Work order
Reproduce exactly, from the data that follows, the line with "Na tablicach informacyjnych", the line with "Após a batida, o", and every line that lies between them.

Data
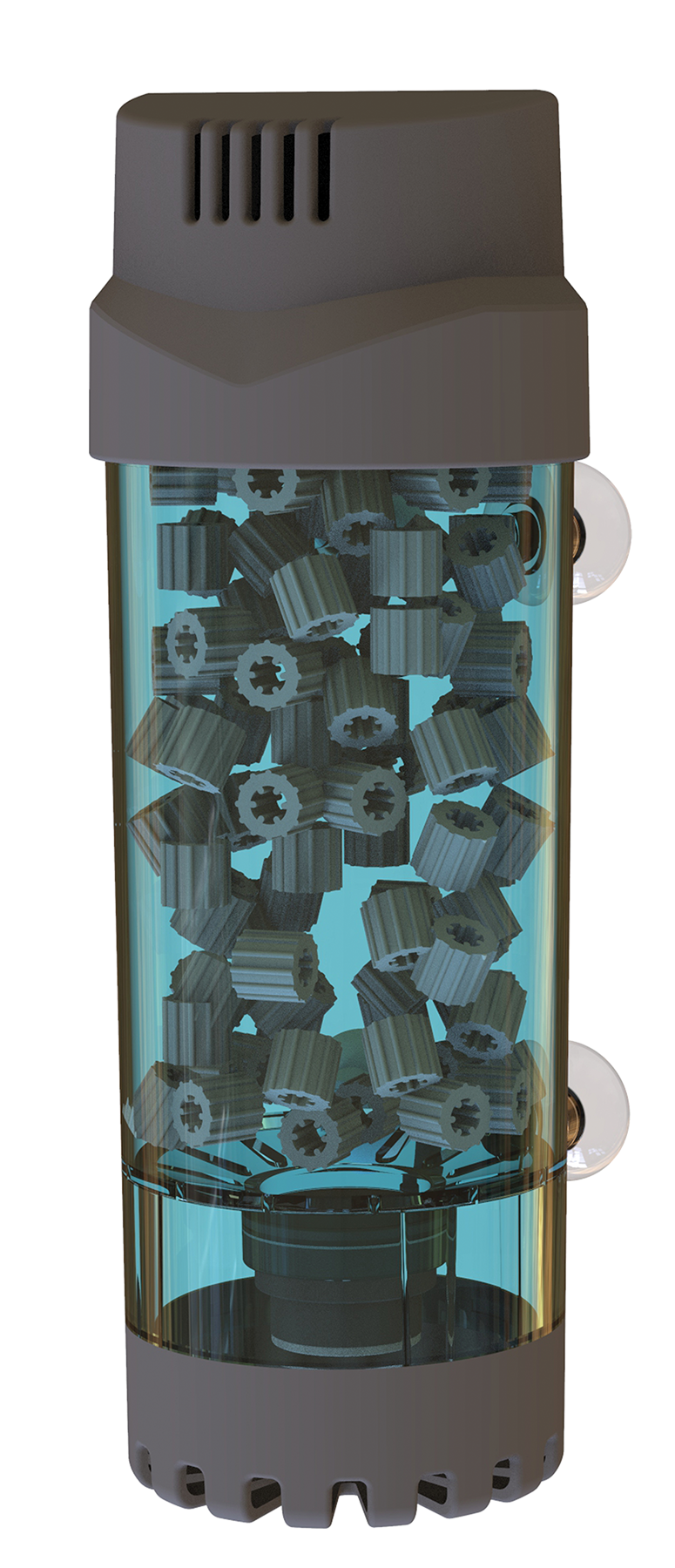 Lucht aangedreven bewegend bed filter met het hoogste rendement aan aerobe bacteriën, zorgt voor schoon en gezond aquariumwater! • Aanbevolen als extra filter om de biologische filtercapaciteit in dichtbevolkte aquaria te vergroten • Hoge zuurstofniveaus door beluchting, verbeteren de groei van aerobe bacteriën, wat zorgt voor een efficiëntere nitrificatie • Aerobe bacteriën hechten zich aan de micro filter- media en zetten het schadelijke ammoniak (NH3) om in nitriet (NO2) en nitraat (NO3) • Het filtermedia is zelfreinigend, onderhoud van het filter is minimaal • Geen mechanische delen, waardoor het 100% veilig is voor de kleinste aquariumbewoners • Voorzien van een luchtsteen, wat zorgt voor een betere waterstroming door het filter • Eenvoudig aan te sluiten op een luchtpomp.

---

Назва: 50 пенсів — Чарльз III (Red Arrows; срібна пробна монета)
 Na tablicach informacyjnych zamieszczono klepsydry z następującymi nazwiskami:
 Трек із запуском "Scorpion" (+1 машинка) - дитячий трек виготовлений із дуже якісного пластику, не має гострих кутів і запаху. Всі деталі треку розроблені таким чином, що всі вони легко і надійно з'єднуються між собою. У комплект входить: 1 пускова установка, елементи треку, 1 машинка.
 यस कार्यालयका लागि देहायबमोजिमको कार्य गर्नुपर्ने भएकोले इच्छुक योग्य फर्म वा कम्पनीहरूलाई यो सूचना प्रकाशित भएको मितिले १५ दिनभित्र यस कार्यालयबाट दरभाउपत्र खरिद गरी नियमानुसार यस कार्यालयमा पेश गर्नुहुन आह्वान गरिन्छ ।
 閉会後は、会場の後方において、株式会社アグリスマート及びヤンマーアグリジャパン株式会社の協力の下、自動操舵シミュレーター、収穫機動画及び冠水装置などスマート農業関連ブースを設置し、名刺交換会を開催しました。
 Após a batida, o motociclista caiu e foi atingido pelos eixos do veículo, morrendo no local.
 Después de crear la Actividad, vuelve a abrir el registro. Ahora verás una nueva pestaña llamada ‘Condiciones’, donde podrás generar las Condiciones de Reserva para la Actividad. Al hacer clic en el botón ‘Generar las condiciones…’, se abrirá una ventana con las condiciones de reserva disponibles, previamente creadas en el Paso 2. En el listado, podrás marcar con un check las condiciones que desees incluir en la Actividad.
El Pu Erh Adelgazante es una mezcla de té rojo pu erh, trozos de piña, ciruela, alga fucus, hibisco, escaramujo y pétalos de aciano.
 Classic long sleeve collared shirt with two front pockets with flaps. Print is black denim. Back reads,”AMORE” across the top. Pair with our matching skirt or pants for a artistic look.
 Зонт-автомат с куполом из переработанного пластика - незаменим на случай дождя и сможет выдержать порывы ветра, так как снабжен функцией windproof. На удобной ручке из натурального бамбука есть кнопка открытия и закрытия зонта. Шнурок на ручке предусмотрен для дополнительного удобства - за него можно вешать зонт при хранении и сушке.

Answer to this problem
 Na tablicach informacyjnych zamieszczono klepsydry z następującymi nazwiskami:
 Трек із запуском "Scorpion" (+1 машинка) - дитячий трек виготовлений із дуже якісного пластику, не має гострих кутів і запаху. Всі деталі треку розроблені таким чином, що всі вони легко і надійно з'єднуються між собою. У комплект входить: 1 пускова установка, елементи треку, 1 машинка.
 यस कार्यालयका लागि देहायबमोजिमको कार्य गर्नुपर्ने भएकोले इच्छुक योग्य फर्म वा कम्पनीहरूलाई यो सूचना प्रकाशित भएको मितिले १५ दिनभित्र यस कार्यालयबाट दरभाउपत्र खरिद गरी नियमानुसार यस कार्यालयमा पेश गर्नुहुन आह्वान गरिन्छ ।
 閉会後は、会場の後方において、株式会社アグリスマート及びヤンマーアグリジャパン株式会社の協力の下、自動操舵シミュレーター、収穫機動画及び冠水装置などスマート農業関連ブースを設置し、名刺交換会を開催しました。
 Após a batida, o motociclista caiu e foi atingido pelos eixos do veículo, morrendo no local.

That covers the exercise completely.